For Marshall Grain Co., Connelley says that what is selling can depend on the time of the year, as well as what is in stock — but that generally, aside from the artisanal Dublin sodas, their salsa and barbecue sauce collection sells best.
“We have a lot of pickled vegetables … and of course, the Dublin sodas are very big here in Texas,” Connelley said. “But definitely our salsas and barbecue sauces are really popular as well.”
From a distribution standpoint, both Gourmet Gardens and Dillman Farms offer a similar variety of products — and see a similarity in the popularity of the types of products sold in garden centers.
“Depending on the time of the year, our jellies and preserves are really good,” Hancock said. “They will really pick up especially in the fall, with products like apple butter.”
“Obviously, region-by-region, it varies,” Dillman said. “Our preserves do really well — apricot preserves, peach preserves … blackberry, strawberry and blueberry. But our salsas and mustards have definitely picked up momentum in the last five to 10 years.”
Why Garden Centers?
For Marshall Grain Co., Connelley says that, at first glance, garden centers and food items might not seem like a perfect pair. But as Dillman points out, garden centers are the perfect demographic for any natural, private-labeled food items.
“Looking at the demographic of garden centers, [the customers] are already going to these smaller venues to look for garden items,” Dillman said. “These are people that already appreciate the specialty, the all-natural … and we like to tell them our story. We are a family-driven business, and I think [the customers] appreciate that … because that’s generally who is there shopping.”
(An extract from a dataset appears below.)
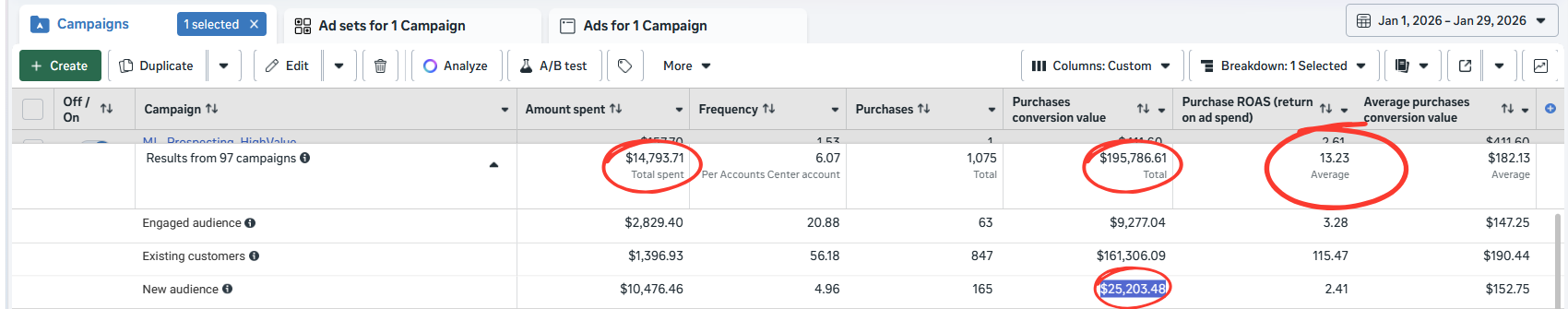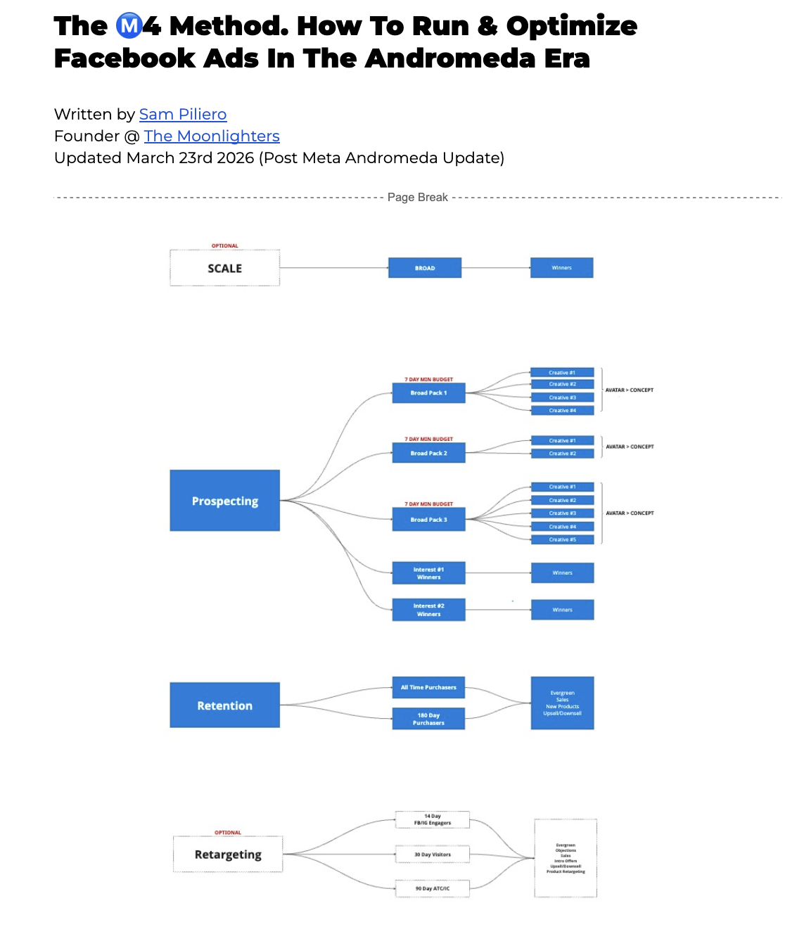 The M4 Method is a comprehensive system for scaling ROAS (Return on Ad Spend) in E-Commerce advertising. The average brand we have implemented this 4-step optimization system for has experienced a 43% increase in ROAS in the first 90 days while scaling their advertising spend by over 55% during this same period.
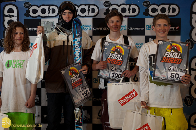 Die Jib-Session die aus zwei in einer Line stehenden Obstacles bestand, machte den Teilnehmern sichtlich Spaß. Sie bestand aus einer großen Industry Down-Tube und einem großen Riffelrohr. Das Starterfeld war gespickt mit Fahrern aus Österreich, Deutschland, Holland, Belgien, Schweiz und der Tschechei. Den Tagessieg bei den Kids U12 holte sich der Österreicher Elias Wechner. Seine Team-Kollegen vom „SC Arlberg Newschool Freeski Team“, David Wolf und Felix Aberstrolz landeten hinter ihm auf den Plätzen zwei und drei. Christof Egger, ein weiterer SCA-Team-Kollege wurde Vierter. Den Tourgesamtsieg und damit auch den „CaD Ring of Glory“, sowie ein Longboard von „ARBOR“, holte sich mit eindrucksvollen 100 Punkten überlegen der Österreicher David Wolf, vor Christof Egger (AUT) mit 67 Punkten und Michael Wechner (AUT) mit 64 Punkten.

Hancock also added that while they provide product to many retailers nationwide, it’s the garden center and greenhouse industries that are their biggest demographic, as well.
“As long as I’ve known, [the garden center segment] has been the biggest industry that pursues our offerings,” Hancock said. “Usually, they’re looking to expand their product offerings, and what we offer is a perfect starting point to them.”